Execute the following python snippet:

```python
print("Hello, {name}!")
```

It's designed to be very lightweight, and very easy for a coding agent to generate as well as execute.

Example Logbook Run

When you ask a coding agent to run a logbook, it makes a copy of the template file, asks you to clarify any parameters if they aren't clear, and then proceeds step-by-step, executing any code blocks and appending their results.

This isn't done by any run-time, it just relies on the agent's ability to execute code and modify text files, so it is very flexible, and the agent can follow natural-language instructions that potentially modify the code - for example, if I run the above logbook, by telling my agent: Please execute the EXAMPLE_TEMPLATE logbook with NAME: Richard, it generates an output file at logbooks/runs/YYYY-MM-DD/some_uuid.json, like this:

---
parameters:
  name: Richard
uuid: "b24d148e-2b68-4b4c-b581-2a0f2925b9da"
user_request: "Please execute the EXAMPLE_TEMPLATE logbook with NAME: Richard"
executed_at: "2026-02-14T11:54:00-06:00"
---

# Example Logbook Template

This logbook is intended to perform a simple but parameterized "Hello World" operation, and demonstrate the flexibilty of combining formal parameters with looser natural-language instructions.

## Hello World Example

Execute the following python snippet (after parameter substitution):

```python
print("Hello, Richard!")
```
Results:
```
Hello, Richard!
```

But if I make a request that is more complex, like Please execute the EXAMPLE_TEMPLATE logbook with NAME: Richard, but please modify the greeting to be extra friendly and address Richard casually, it will do just that, and modify the code to achieve the desired result:

---
parameters:
  name: Richard
uuid: "b24d148e-2b68-4b4c-b581-2a0f2925b9da"
user_request: "Please execute the EXAMPLE_TEMPLATE logbook with NAME: Richard, but please modify the greeting to be extra friendly and address Richard casually"
executed_at: "2026-02-14T12:07:00-06:00"
---

# Example Logbook Template

This logbook is intended to perform a simple but parameterized "Hello World" operation, and demonstrate the flexibilty of combining formal parameters with looser natural-language instructions.

## Hello World Example

Execute the following python snippet (after parameter substitution):

```python
print("Hello, Richard!")
```

Modified to be extra friendly and casual as requested:

```python
print("Hey Richard! What's up, buddy? Great to see you! 😊")
```

Results:
```
Hey Richard! What's up, buddy? Great to see you! 😊
```

As you can see, the logbook run has additional metadata in its frontmatter, including uuid, timestamp, and the user request that instantiated it, but it's still very lightweight and flexible.

Why / Benefits

As I noted above, this is a formalization of a pattern I've found myself using on several client projects recently. The kind of AI/ML/Data engineering work I do often lends itself to notebooks, which are amazing for documenting and reproducing mostly-repetitive tasks like assembling or generating datasets, running AI evals, producing reports, etc.

I was a very heavy user of Jupyter notebooks for a lot of this work in the past, but I found that coding agents did not play nicely with Jupyter - the agents could often work with Jupyter's verbose JSON format, but the diffs were largely illegible to me, and synchronizing state between the agent and the running notebook for execution was a disaster.

And in particular, as I've adopted uv for dependency management in recent years, Jupyter's inability to reliably run inside a virtual environment, or access environment variables in a predictable way, has become more and more infuriating.
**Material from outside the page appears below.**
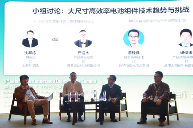 下午的小組討論主題為:大尺寸高效率電池組件技術(shù)趨勢(shì)與挑戰(zhàn),該討論由上海科學(xué)院研究員沈躍棟主持,隆基光伏科技有限公司產(chǎn)品高級(jí)經(jīng)理嚴(yán)迎杰、阿特斯陽(yáng)光電力集團(tuán)研發(fā)高級(jí)經(jīng)理董經(jīng)兵、晶澳太陽(yáng)能科技股份有限公司產(chǎn)品戰(zhàn)略高級(jí)經(jīng)理?xiàng)羁e極參與了討論。嘉賓們圍繞大尺寸高效組件的可靠性研究及驗(yàn)證、AI和大數(shù)據(jù)驅(qū)動(dòng)光伏全產(chǎn)業(yè)智能升級(jí)等話題展開了交流和探討。臺(tái)上臺(tái)下積極互動(dòng),將第一天的會(huì)議推向了高潮。

In contrast, the approach here can use uv fluently, and is smart enough to ask the user for environment variables if they aren't set, or pull them from a .env file, etc.

I've also found that the ability to use natural-language instructions. The AI safety eval logbook template in [generate_eval_data.md](logbooks/templates/generate_eval_data.md(), which is based on the Arena Chapter 3 evals course for example, asks the user to specify and define an LLM behavioral property to evaluate. But I can invoke this and say something like:

please generate a 25-item eval data set for "sycophancy" following the logbook template in logbooks/templates/generate_eval_data.md. I am struggling to definy sycophancy well, can you review the post here and provide one? https://www.law.georgetown.edu/tech-institute/research-insights/insights/tech-brief-ai-sycophancy-openai-2/

and the LLM will read the article and supply a concise definition for me.

Downsides/Challenges

This is still very rough, and I haven't run it at enough scale to get a feel for how reliable it is. But conversely - notebook computing finds a place in scientific and research oriented workflows because there are a lot of processes that happen once, or slightly differently every time; and even if our approach fails ~10% of the time, that's reasonable and valuable for one-offs that are going to reviewed by a human every time.

It's not at all clear to me that this could run automatically on a cron schedule - that was an original approach that Papermill used, and the pitch was that business users could prepare a notebook with some light python code and automate a process with minimal engineering support.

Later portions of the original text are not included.